*Excerpted records*
********
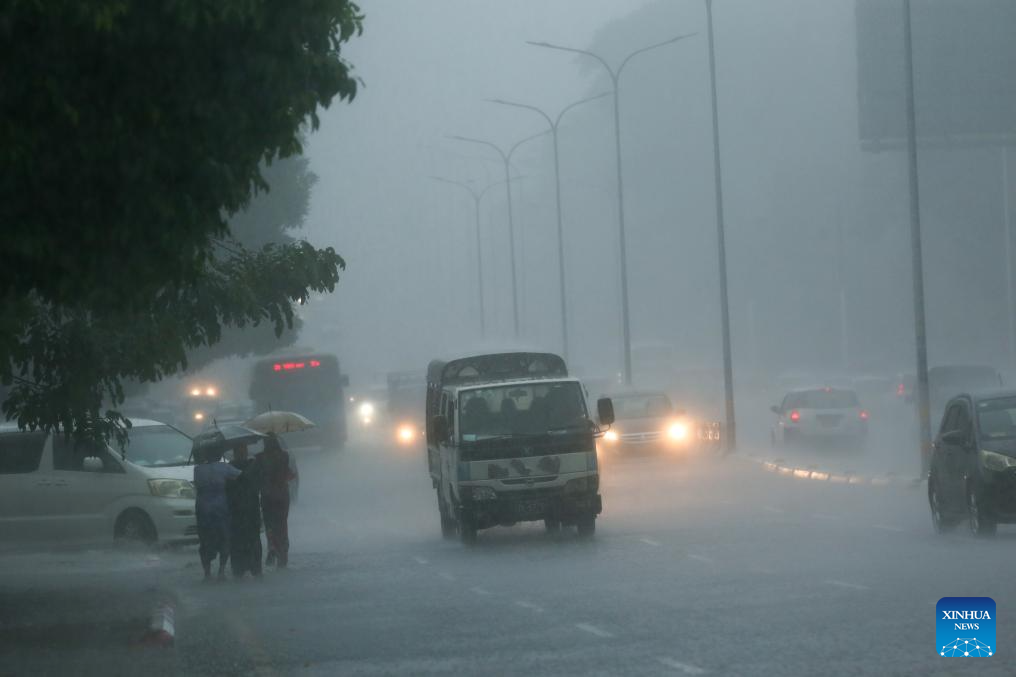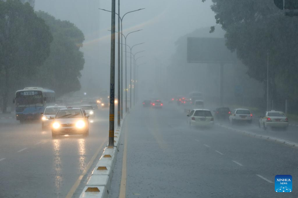 Vehicles run along a road amid heavy rain in Yangon, Myanmar, May 11, 2024. (Photo by Myo Kyaw Soe/Xinhua)
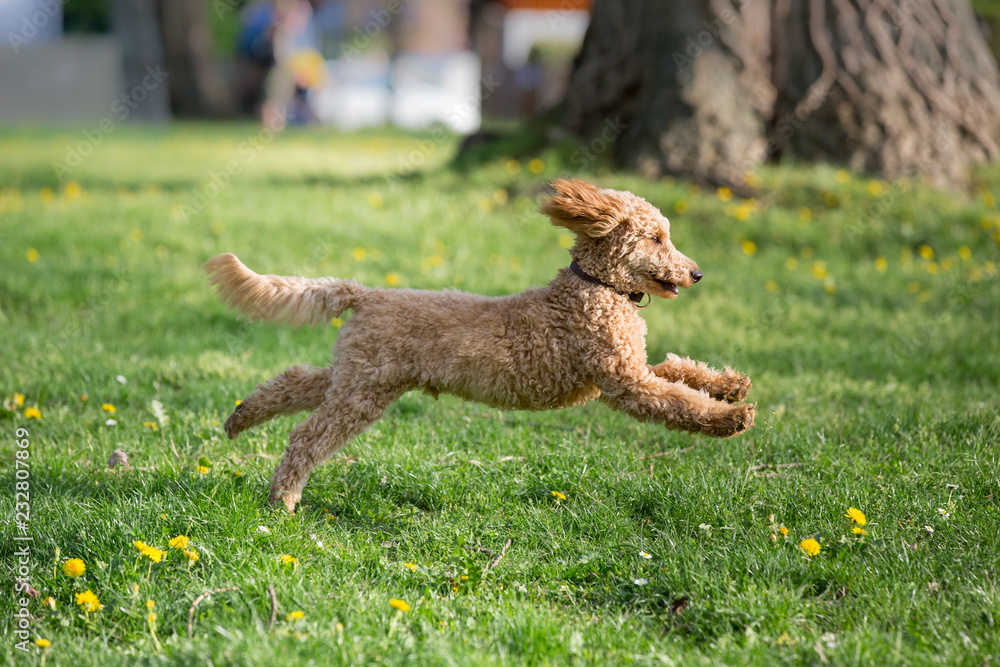 Young poodle running and jumping joyfully in a meadow. Apricot
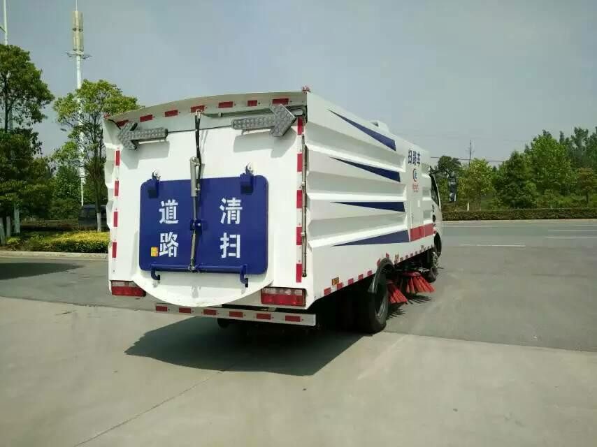 該掃路車采用東風多利卡型國五二類底盤改裝,加裝副發動機、風機、清水箱、垃圾箱、左右立掃、后置吸盤,掃盤降塵系統,液壓系統、專用裝置電控系統和副車架等改裝而成(可加裝前沖后灑)
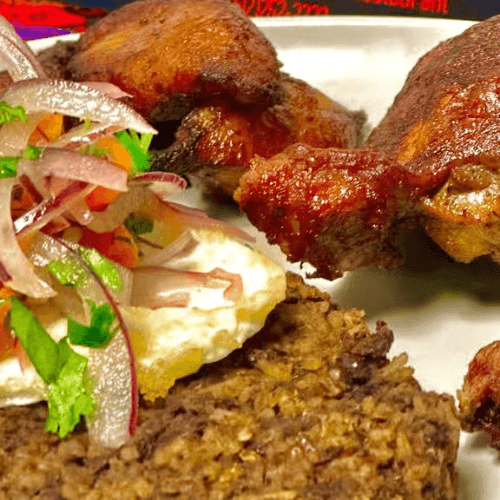 Beef sirloin stir fry in our special lomo sauce with red onions and tomatoes, served with a side of french fries and white rice
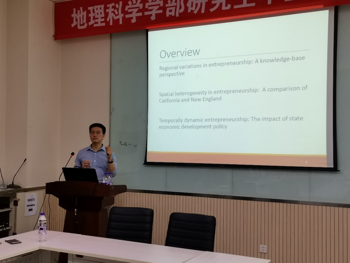 2019年6月14日上午,地理学前沿讲座第10期在生地楼148会议室成功举行。受地理学院潘峰华老师邀请,美国爱荷华大学城市与区域规划学院和公共政策中心副教授钱海峰作了题为“创业经济地理:一些来自美国的启示”的学术报告。潘峰华主持了讲座,张华、戴特奇等20等多名来自鉴黄师 、中科院科技政策与管理科学研究所等单位的师生参与了本次讲座。
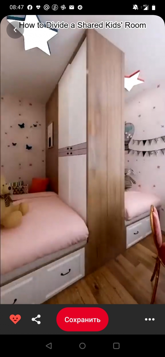 Вот здесь интересный вариант, не могу что то ссылку на видео вставить, разделили две кровати шкафами, который поставили зеркально, у каждого своя мин комнатка, под кроватями тоже уложенный простор. На другой стороне стол
********
*Required action*
An exact transcription is requested of each line from the one that holds "該掃路車采用東風多利卡型國五" to the end of the listing above, both boundary lines included; pictures are to be omitted.

*Result*
 該掃路車采用東風多利卡型國五二類底盤改裝,加裝副發動機、風機、清水箱、垃圾箱、左右立掃、后置吸盤,掃盤降塵系統,液壓系統、專用裝置電控系統和副車架等改裝而成(可加裝前沖后灑)
 Beef sirloin stir fry in our special lomo sauce with red onions and tomatoes, served with a side of french fries and white rice
 2019年6月14日上午,地理学前沿讲座第10期在生地楼148会议室成功举行。受地理学院潘峰华老师邀请,美国爱荷华大学城市与区域规划学院和公共政策中心副教授钱海峰作了题为“创业经济地理:一些来自美国的启示”的学术报告。潘峰华主持了讲座,张华、戴特奇等20等多名来自鉴黄师 、中科院科技政策与管理科学研究所等单位的师生参与了本次讲座。
 Вот здесь интересный вариант, не могу что то ссылку на видео вставить, разделили две кровати шкафами, который поставили зеркально, у каждого своя мин комнатка, под кроватями тоже уложенный простор. На другой стороне стол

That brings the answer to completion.